A study of CNN capacity applied to Left Venticle Segmentation in Cardiac MRI
This work addresses practical deployment questions for CNNs in medical imaging, but it is incremental as it applies existing methods to analyze capacity without introducing new techniques.
The study investigated how dataset size and network depth affect CNN performance for left ventricle segmentation in cardiac MRI, finding that sample size impacts performance more than architecture or hyperparameters, with small samples being more sensitive to hyperparameters.
CNN (Convolutional Neural Network) models have been successfully used for segmentation of the left ventricle (LV) in cardiac MRI (Magnetic Resonance Imaging), providing clinical measurements. In practice, two questions arise with deployment of CNNs: 1) when is it better to use a shallow model instead of a deeper one? 2) how the size of a dataset might change the network performance?
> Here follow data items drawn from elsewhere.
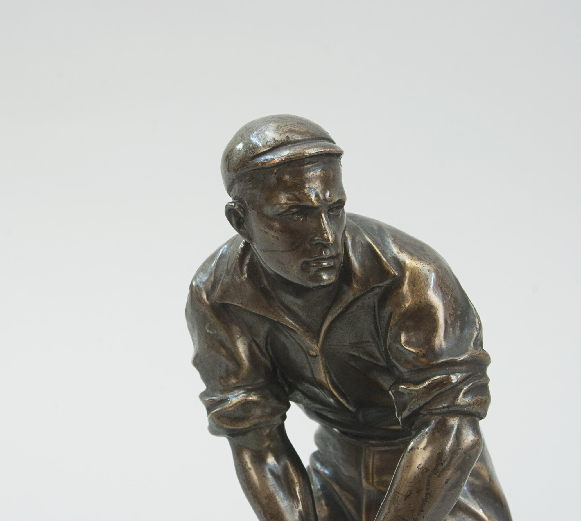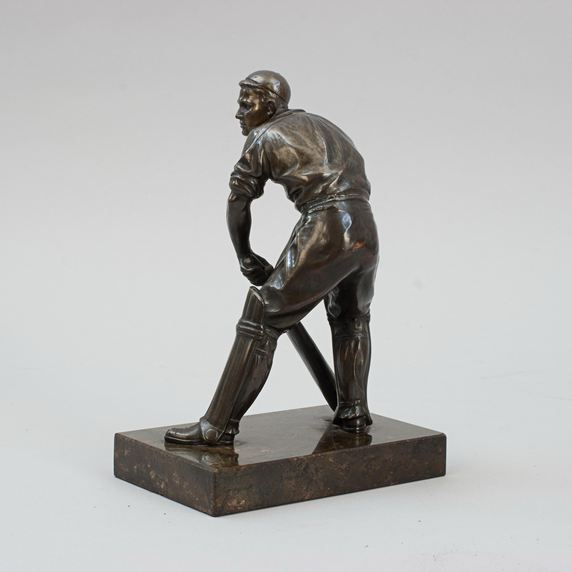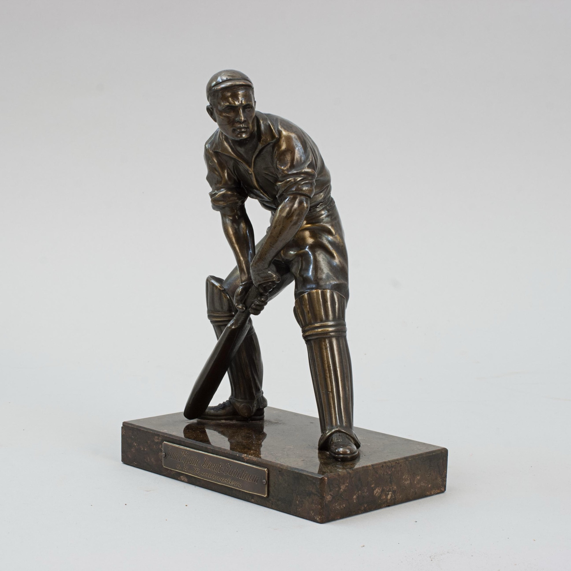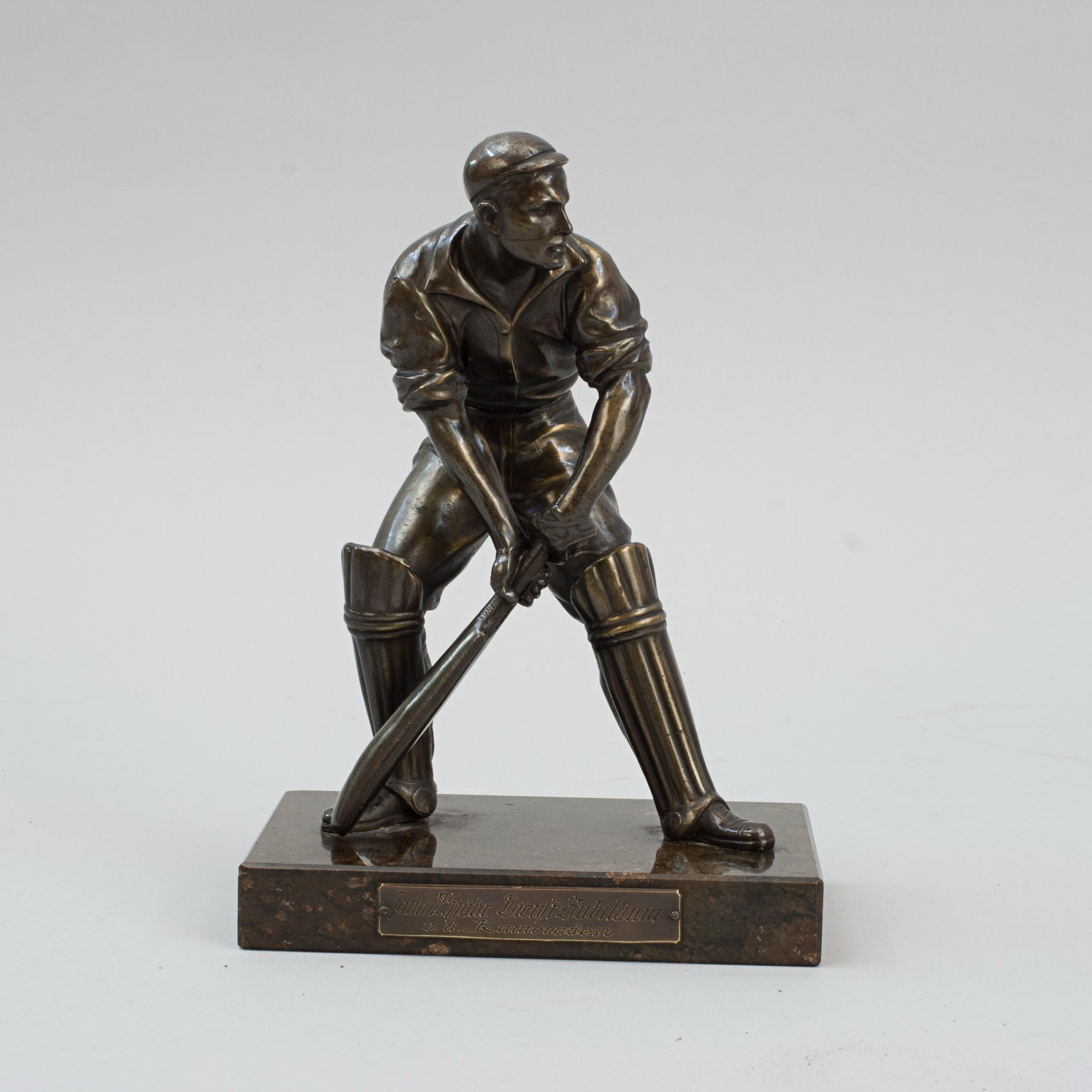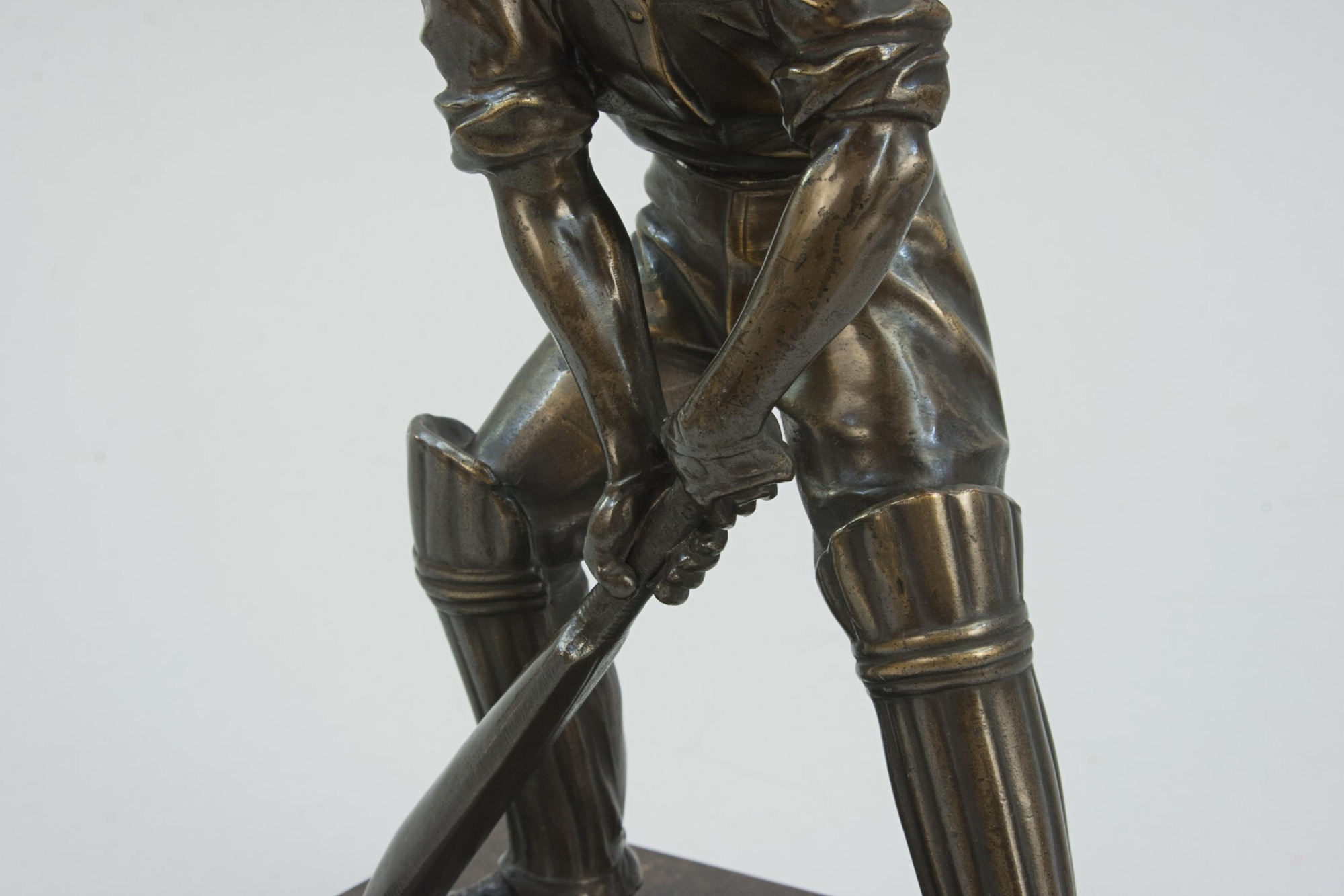 A very nice Edwardian spelter figure of a male cricketer wearing a cap and is equipped with a bat and cricket pads. His pose depicts him standing at the crease, awaiting the ball to be bowled. The figure has a bronzed finish and is mounted on a marble base with an inscribed plaque reading: "Zum 25 jӓhr. Dienst-Jubilӓum, v.d. Kameraden" ("On the occasion of the 25-year service anniversary, from the comrades").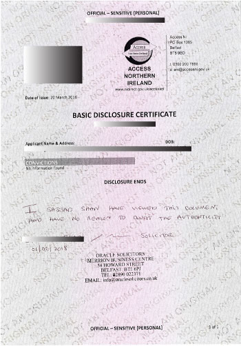 AccessNI (Criminal Record Check) after processing: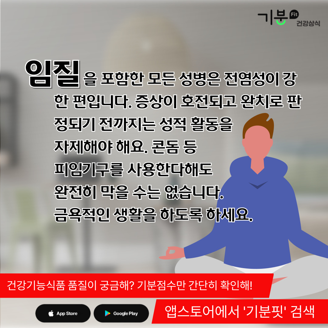 따라서 증상이 호전되고 완치로 판정될 때까지 성적 활동을 자제해야 한다.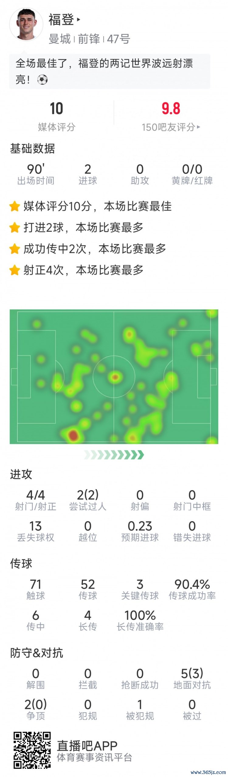 11月6日讯 在本轮欧冠,曼城4-1打败多特,以下为福登本场数据: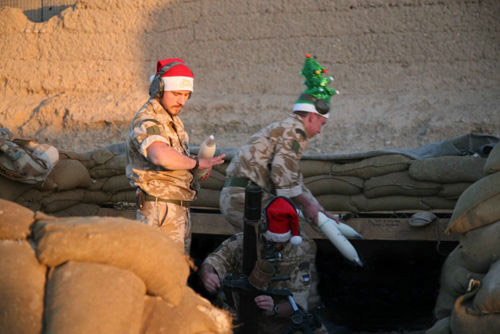 塔利班襲擊,英軍士兵來(lái)不及把圣誕帽換成鋼盔就投入了戰(zhàn)斗。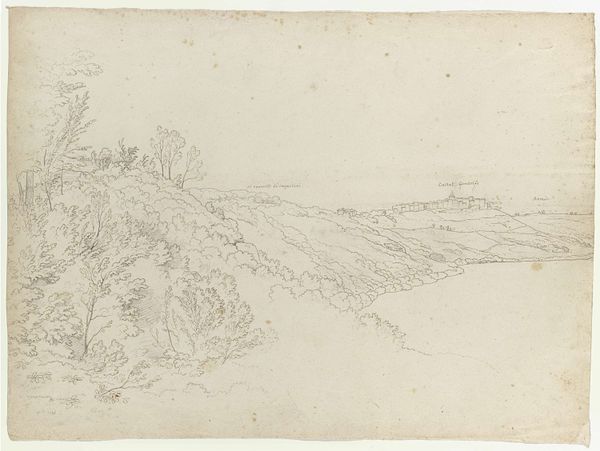 This subtle pencil drawing titled "Italian Landscape" was created by Friedrich Metz. During the 19th century, there was a surge in the popularity of landscape art, fueled by the Romantic movement's emphasis on nature as a source of spiritual and aesthetic experience. Artists often traveled to Italy, drawn by its rich history, classical ruins, and picturesque landscapes. The light in Italy with its sun-drenched hillsides became synonymous with a sort of nostalgic longing. While we don't know Metz's personal intentions, we can imagine the cultural milieu in which he worked. How does he express the feeling of being immersed in a place? Does the softness of the pencil marks evoke a sense of calm contemplation? Or perhaps this dreamlike landscape transports us to a timeless space, inviting us to reflect on our own connection to the natural world.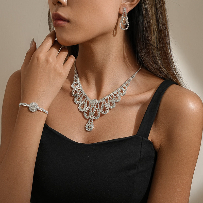 Cross-border Explosions European and American Fashion Elegant Flash Diamond Necklace Earrings suit Bridal Jewelry Women's Wedding Accessories 4867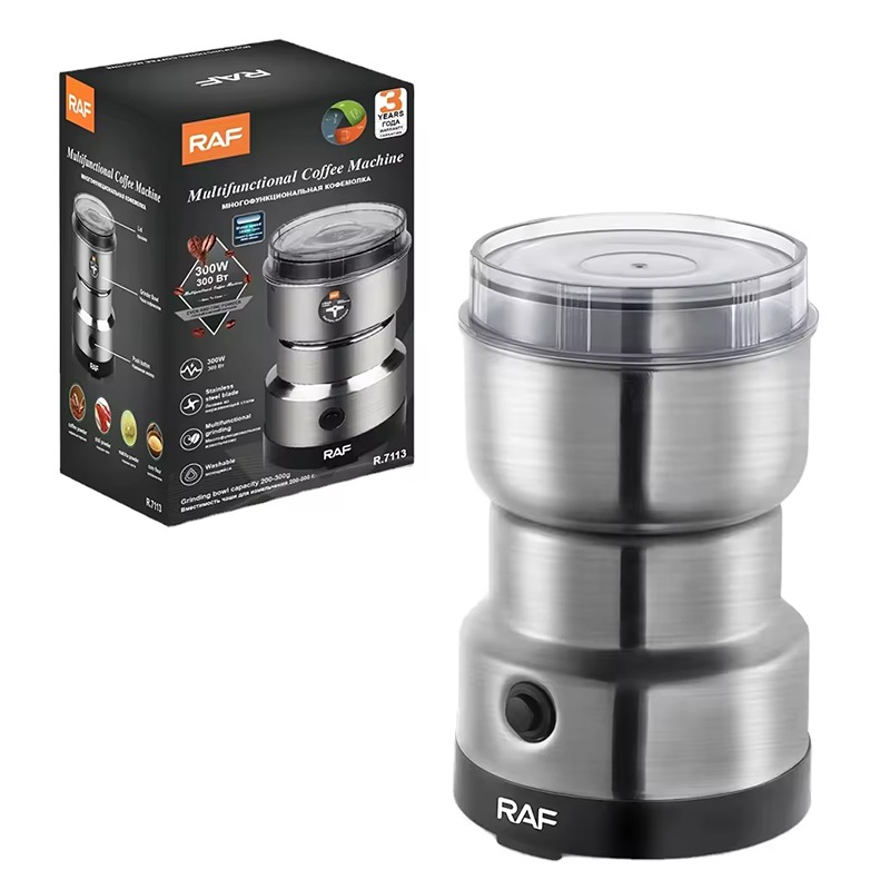 The RAF R.7113 is a versatile kitchen appliance used for grinding dry items such as coffee, spices, grains and nuts. It features a powerful motor and sharp stainless steel blades, giving it the ability to grind quickly and uniformly. Its compact design makes it easy to store, and the grinding bowl is made of easy-to-clean materials. It is recommended to use it only for dry materials and avoid prolonged continuous operation in order to preserve the life of the motor.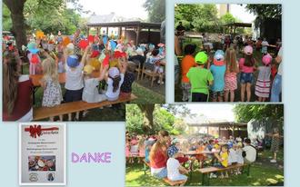 Bei einer Mitmachgeschichte rund um ein leckeres Frühstück bei den Großeltern mit Honig und Honigbrötchen hatten die Senioren und die Kinder viel Spaß. Anita Radermacher übergab den Kindern zum Abschied im Namen aller Senioren eine Spende für ein gesundes Frühstück. Jetzt können die Kinder in ihrem Kinderparlament überlegen, was zu diesem besonderen Frühstück nach den Sommerferien angeboten wird. Die Kinder und das Team bedanken sich bei allen Senioren und den Helfern für den gelungenen Nachmittag im Pfarrgarten.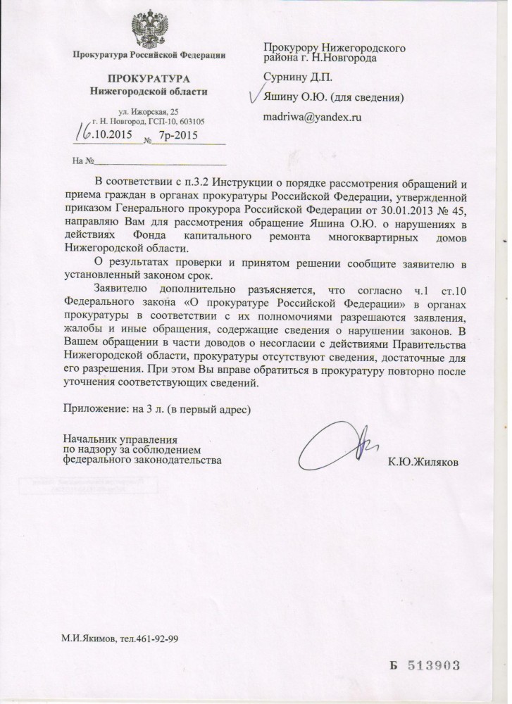 Я, Яшин Олег Юрьевич, зарегистрирован и проживаю: Нижегородская область, город Богородск.................... Прошу Вас принять жалобу на регионального оператора, ответ в приложенном файле. Считаю данный ответ адресованный мне нарушением Жилищного кодекса РФ статьи 181 части 1,2,3, до вступления в силу новой редакции данного кодекса от 29.06.2015 года. В данной редакции Жилищного кодекса РФ было ясно сказано: региональный оператор должен был направить нам договор, после его получения собственниками квартир он считался бы заключённым!!! Договор мы собственники квартир и члены ЖСК № 3, а также председатель ЖСК № 3 не получили до 01.02.2015 года. Оплата на взнос за капитальный ремонт к нам приходит с 01.02.2015 года!!! На каком основание?! если согласно Жилищного кодекса РФ статьи 181 части 2 до вступления в силу новой редакции от 29.06.2015 года: по договору о формировании фонда капитального ремонта и об организации проведения капитального ремонта собственник помещения в многоквартирном доме ежемесячно согласно со статьёй 171 и в полном объёме обязуется вносить на счёт регионального оператора взносы на капитальный ремонт!!! Данный договор направленный им и полученный нами 01.08.2015 года, который был напечатан в квитанциях за коммунальные услуги за июль, на обороте, в данный момент юридическую силу не имеет, после вступления в силу новой редакции Жилищного кодекса РФ от 29.06.2015 года. Согласно вышеизложенному наш ЖСК № 3 платить взнос на капитальный ремонт отказывается, так как региональный оператор ещё и грубо нарушил наши права собственников квартир ЖСК № 3. А именно лишил нас право направить ему протокол разногласий к проекту договора (см. ст. 445 часть 1 Гражданского кодекса РФ), в течение 30 дней со дня получение данного договора, до вступления в силу новой редакции Жилищного кодекса РФ от 29.06.2015 года, который сейчас бы действовал и мы собственники квартир ЖСК № 3 платили бы взнос на капитальный ремонт по договору!!! Статья 445 Гражданского кодекса была указана в Жилищного кодекса РФ, статья 181 часть 1, до вступления в силу новой редакции данного кодекса от 29.06.2015 года. Региональный оператор умышлено "направлял" нам проект договора такими способами, что бы мы его не получили до вступления в силу новой редакции Жилищного кодекса РФ от 29.06.2015 года. Прошу Вас принять меры к региональному оператору согласно законодательство РФ. Примечание для всех: Согласно ответу Богородской прокуратуры от 08.07.2015 года № 1022ж-2015, администрацией Богородского муниципального района 19.11.2014 года было принято постановление № 3342 «О формировании фонда капитального ремонта на счётах регионального оператора». Согласно Жилищного кодекса статьи 181 части 3 до вступления в силу новой редакции данного кодекса от 29.06.2015 года, в течение десяти дней после этого принятия, региональный оператор должен был направить собственникам помещения МКД проект договора или лицам осуществляющим управления этим многоквартирным домом. Куда интересно он данный договор направлял, что мы его не получили?!, да ни кто его не получил в Нижегородской области!!! Копируйте данный текст если считайте что Ваши права нарушили и отправляйте в Генеральную Прокуратуру РФ. Прокуратура Нижегородской области и Богородская городская прокуратура поддерживает Правительство Нижегородской области, а также и регионального оператора. Кому интере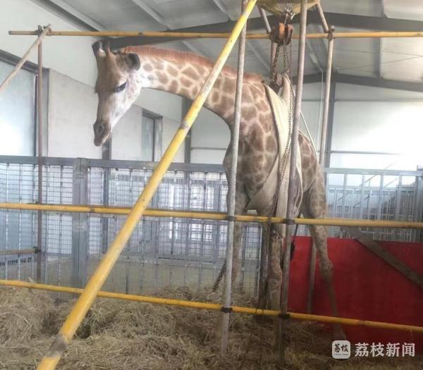 据悉,这只受伤长颈鹿是一只四岁左右的成年长颈鹿,身高有5米多高,前几日就因为在笼舍里和小伙伴玩耍时左腿不慎碰到笼舍围栏后受伤。这次事发时,长颈鹿趴下休息后,想再次站立起来,由于伤腿支撑无力,导致无法站起来而瘫躺在地上。当发现长颈鹿倒地后,园区相关部门立即采取救护措施,先搭建脚手架,然后把滑轮固定在脚手架上,用绷带固定长颈鹿,将长颈鹿从地上拉起。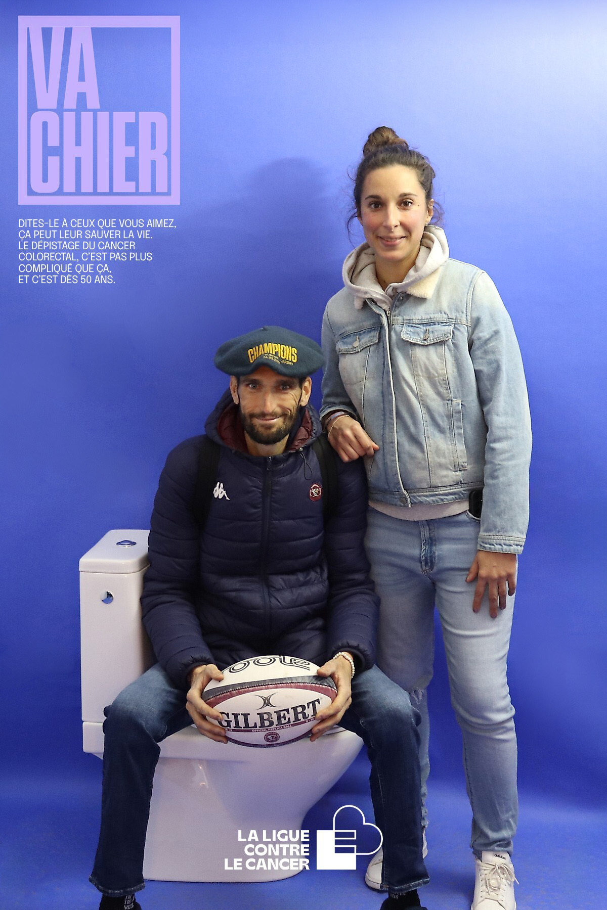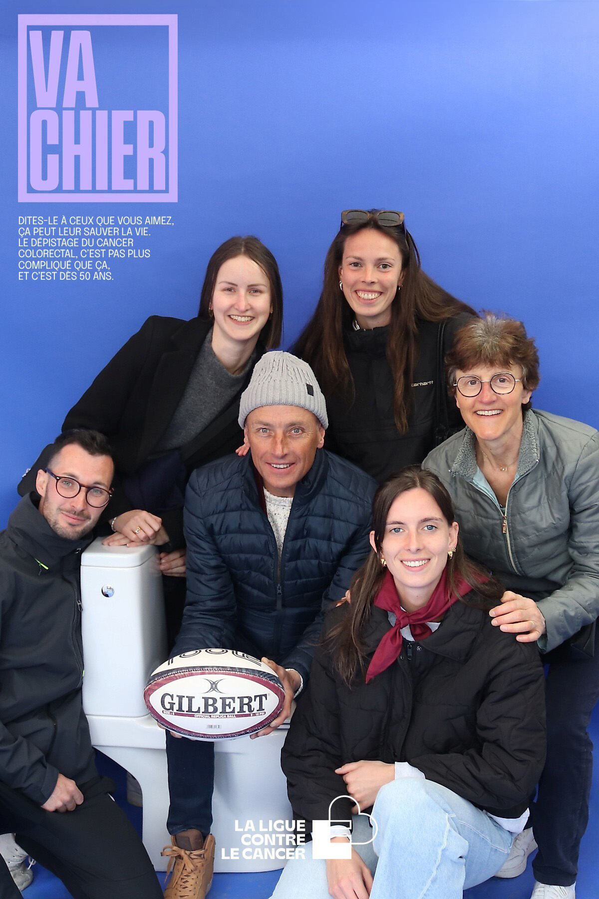 En prolongement de la campagne nationale Mars Bleu contre le cancer colorectal, la Ligue contre le cancer et l’UBB ont innové en mettant en place un Photobooth sur la fan zone du stade ce dimanche soir. Notre emblématique pilier Ben Tameifuna, qui s'était prêté au jeu en mimant la fameuse série d’affiches de la campagne « Va chier », invitait les supporters à poser à leur tour.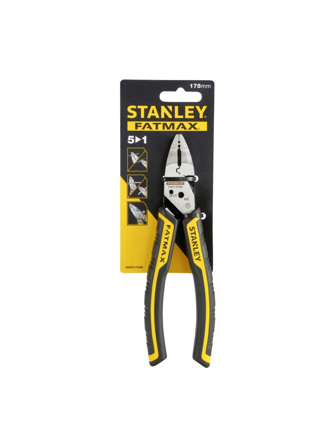 STANLEY FATMAX daugiafunkcinės 5 viename įstrižinio pjovimo replės yra universalus įrankis, sukurtas tikslumui ir ilgaamžiškumui. Šios replės, turinčios užspaudimo matricą 1,5 mm²–2,5 mm² laidams ir laidų nužievinimo įrankį dviem dydžiams (1,5 mm² ir 2,5 mm²), puikiai tinka įvairiems elektros darbams. Varžtų kirpimo replės gali tiksliai pjauti M3,5 ir M5 varžtus, o pusiau lygus pjovimo antgalis užtikrina labai tikslų lygų minkštų medžiagų pjovimą. Įstrižas pjovimo kraštas gali pjauti laidus iki 1,8 mm storio pianino vielai, todėl idealiai tinka įvairiems darbams. Pagamintos iš indukciniu būdu grūdinto, kalimo būdu CR-V plieno su grūdintais pjovimo kraštais, šios replės pasižymi išskirtiniu patvarumu, o ergonomiška dviejų medžiagų rankena užtikrina patogumą ir kontrolę naudojimo metu.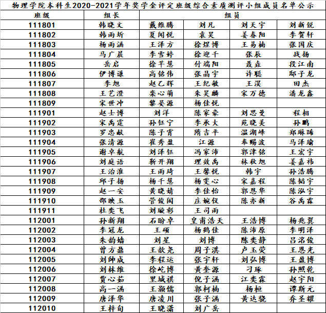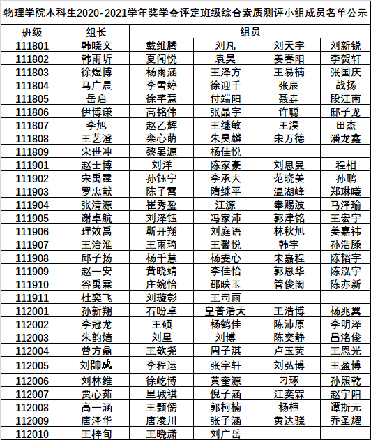 根据《免费看片 本科生学年奖学金评选办法》、《免费看片 优秀本科学生评选办法》、《免费看片 优秀本科学生干部评选办法》,经免费看片 奖助工作领导小组研究确定免费看片 本科生2020-2021学年奖学金评定班级综合素质测评小组成员名单如下: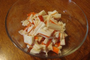 If you’ve never bought imitation crab meat before, you can find it at the grocery store near the smoked salmon.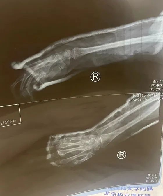 “右手手腕直接歪了,肿胀也比较明显。”孙奇观察韩女士伤情后判断是餐叉样畸形,典型的桡骨远端骨折,这种伤势一般因为摔倒后手撑地引起。起初,他还以为就是去看看,不一定有“用武之地”,没想到却是“碰上了医院的核心业务——手法复位”。

We propose a framework to answer them, by experimenting with deep and shallow versions of three U-Net families, trained from scratch in six subsets varying from 100 to 10,000 images, different network sizes, learning rates and regularization values. 1620 models were evaluated using 5-fold cross-validation by loss and DICE. The results indicate that: sample size affects performance more than architecture or hyper-parameters; in small samples the performance is more sensitive to hyper-parameters than architecture; the performance difference between shallow and deeper networks is not the same across families.